11. Key Open Questions

  1. Portuguese vet terminology corpus: Does a labeled dataset exist for Brazilian Portuguese veterinary speech? If not, how many hours of annotated audio do we need to fine-tune Deepgram’s custom vocabulary? (Estimate: 50-100 hours minimum.)

  2. Multi-room deployment: What happens when a clinic has 3-5 exam rooms? Each room needs a device. How do we handle vet identity when the same vet moves between rooms? Options: voice enrollment, room assignment in schedule, NFC tap.

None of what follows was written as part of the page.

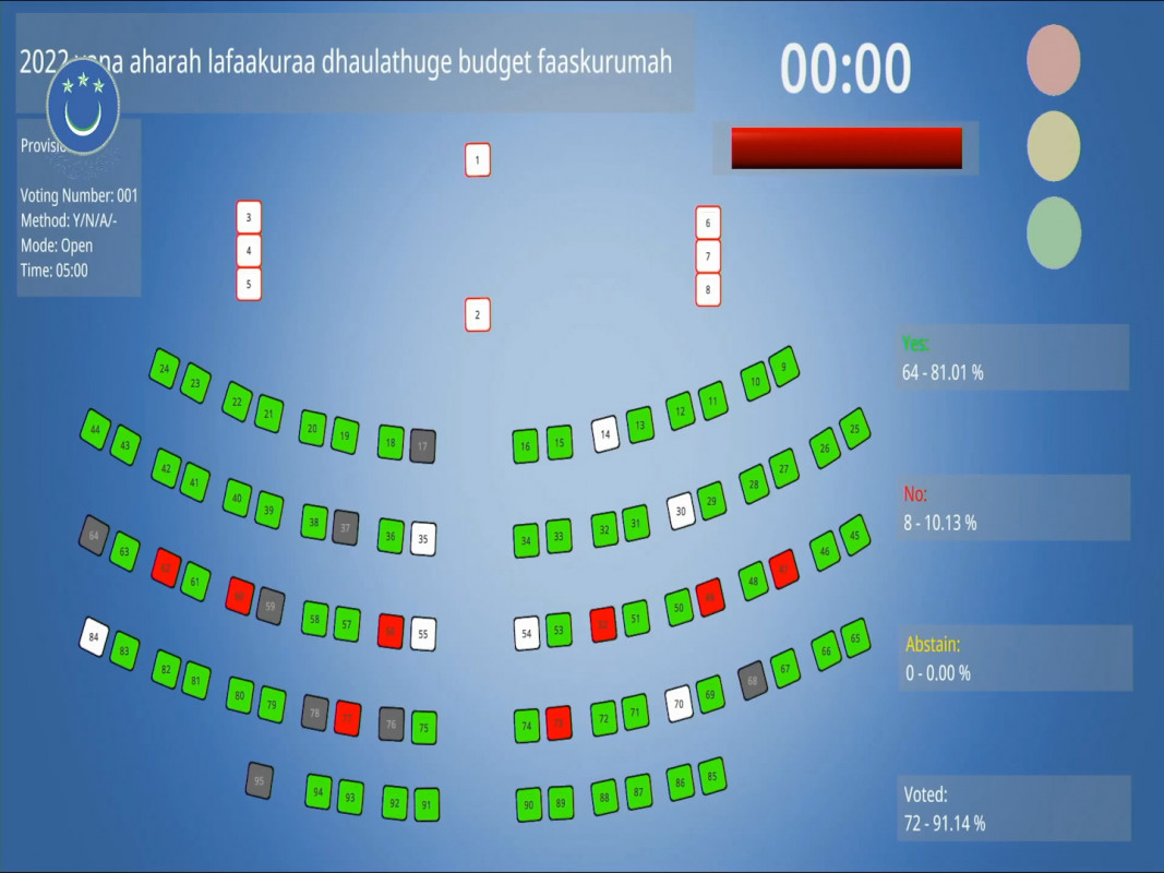 ބަޖެޓް ދިރާސާކޮށް ނިންމުމަށްފަހު އެކުލަވާލި ކޮމިޓީ ރިޕޯޓަށް މެމްބަރުން ވާހަކަދެއްކެވުމަށްފަހު ވޯޓަށް އެހީ ބުދަ ދުވަހުގެ ޖަލްސާގައެެވެ. ވޯޓަށް އެހުމަށް ތައްޔާރުވަމުން ދިޔައިރު، ތަޅުމުގައި ނައިފަރު ދާއިރާގެ މެމްބަރު ގެންދެވީ މިއީ ގައުމު ބަނގުރޫޓްކުރާ ބަޖެޓެއް ކަމަށް ވިދާޅުވެ އަޑުގަދަ ކުރައްވަމުންނެވެ. ބަޖެޓަށް ވޯޓް ދެއްވުމަށް އެމްޑީޕީގެ ޕީޖީން ވަނީ ވިޕް ލައިނެއް ނެރެފައެވެ. އަދި މެމްބަރުން ތަޅުމަށް ހާޒިރުވެ ވޯޓުގައި ބައިވެރިވެވަޑައިގަތުމަށްވެސް އެދިފައެވެ. ބަޖެޓް ފާސް ކުރުމަށް 64 މެމްބަރުން ވޯޓު ދެއްވިއިރު، އިދިކޮޅަށް ވޯޓު ދެއްވީ 8 މެމްބަރުންނެވެ. ވޯޓުގައި ބައިވެރިވެ ވަޑައިގެންނެވީ، 72 މެމްބަރުންނެވެ.

  3. Exam sounds vs. speech: Can DeepFilterNet reliably separate an animal’s heartbeat/breathing sounds (which may be clinically relevant if described by the vet) from actual noise? Need to test.

  4. Offline mode: Some rural clinics in Brazil have intermittent internet. Is an SD card + batch upload model viable? If so, what’s the maximum acceptable delay? (24 hours? 48 hours?)

  5. Data residency: LGPD requires data processing in Brazil (or with adequate safeguards for international transfer). Deepgram and Claude API process data in the US. Need to verify: (a) is a Data Processing Agreement sufficient, or (b) do we need to self-host STT in Brazil? This could force the Whisper self-hosting decision earlier than cost alone would justify.


12. Final Recommendation

VALIDATE FIRST — then build.

The technology is straightforward. Every component is proven. The integration is standard systems engineering, not R&D. A single senior engineer can build the full MVP in 8 weeks.

But the technical risk is secondary to the market risk. Before writing a single line of firmware:

  1. Complete Phase 0 interviews (market validation). If vets don’t care enough to pay R$300/mo, the best audio pipeline in the world is worthless.
  2. Run the Wizard-of-Oz with off-the-shelf mics. This validates note quality and vet acceptance with 1 week of engineering, not 8.
  3. Only then invest in custom firmware and the full automated pipeline.

The architecture proposed in the research brief is sound. My corrections are at the edges: drop on-device encryption (TLS is sufficient), defer PIMS integration (use calendar matching), and add DeepFilterNet for noise handling. The core design — dumb device, smart cloud, batch processing — is the right call.

Do not assign an engineer to this until Phase 0 interviews show >60% strong interest and WTP >R$200/mo. Until then, this is a CPO problem, not a CTO problem.


Assessment complete. Ready for consolidation into the MOKA-568 executive brief.